It happens, appropriately enough, in a brothel. La Rosa Colta, run by a woman named Paola who tells him what he needs to know so that he can survive. Then, when he has done what he needs to do and returned to the brothel, she offers the services of his girls. Ezio accepts, even though he knows the loss of his family is something that can't be fixed or dulled by a night in bed with a strange woman. The look in Paola's eye as she makes the offer is enough to tell Ezio that she knows it won't fix anything either, but she offers anyway.
This is far from Ezio's first time with a woman, although it has been a long time since he's lain with anyone other than Christina.
(he'd loved her, he'd hoped to marry her- but she doesn't know his secret, doesn't know who or what he is, and so maybe it's better that she chose not to come with him)
Ezio considers himself a good lover. After all, he has spent time (more than he wants) as a woman himself, and knows exactly what to do in bed. He knows what is satisfying and what is simply taking things too far, and even though no two women are the same, and no two are looking for exactly the same things from a partner, Ezio still thinks he has talent.
The girl (he never catches her name) apparently agrees, because they stay at it until late into the night, when finally they fall away from each other. The pain of the day hasn't gone away, but for the moment at least, it has faded a little. For now, Ezio can sleep. Tomorrow there will be new problems, decisions, responsibilities that he is not at all ready to shoulder. But when he finally fades into a deep, dreamless night of sleep, Ezio is more than happy to stop thinking for a few hours, and just… sleep.

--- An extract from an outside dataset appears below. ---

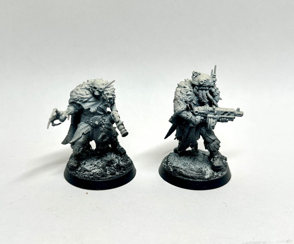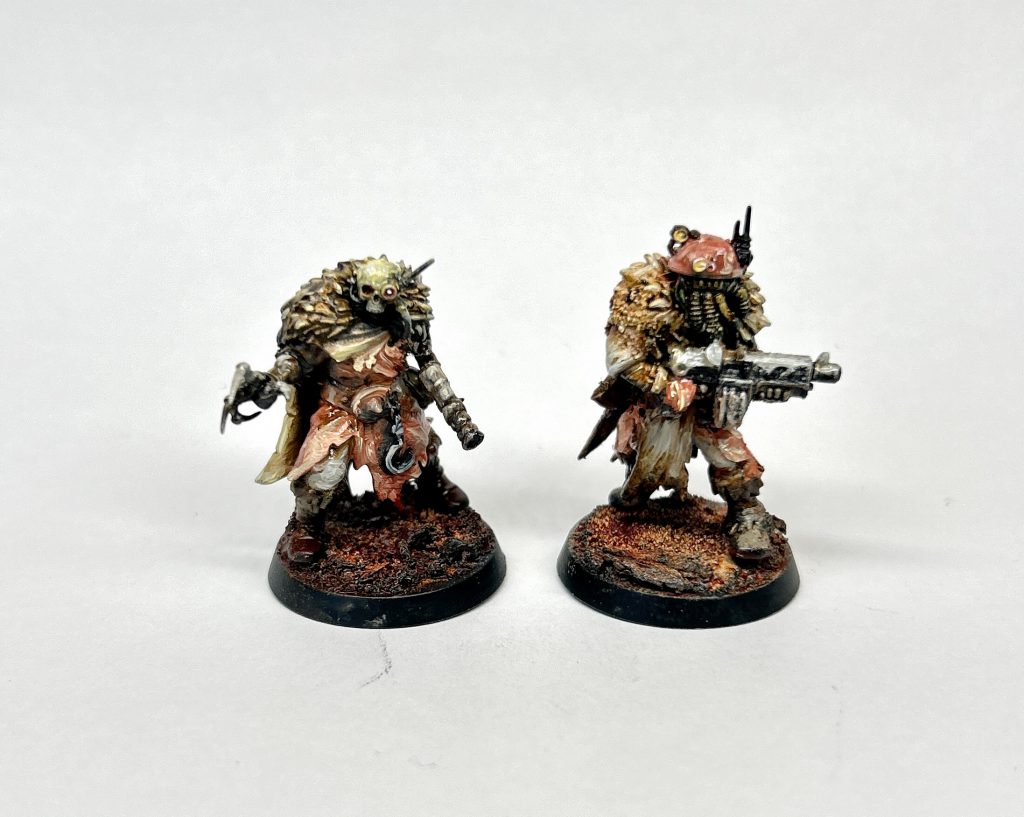 badusernametag: Something immediately struck me about these that they would make amazing techno-barbarians. Blanchitsu style. Maybe something about the hunched, solid silhouette, or the many layers of patchwork clothing. Or maybe just as Bair said, “every kit is a Necromunda kit”. Anyway, bashed a couple together for you and did a de-saturated sepia scheme. Filthy and dusty and lovely! Maybe a horde of these would make for some interesting militia in 30k…

The next morning, he's awoken by a scream, high pitched and terrified, only inches away from his face. Ezio sits straight up, startled, and almost falls out of the narrow bed he's still sharing with the girl from last night. She's sitting- perching, really- on the opposite end of the bed, staring at him with eyes as wide as saucers. Ezio stares blankly for a second, then abruptly realizes that he's changed during the night.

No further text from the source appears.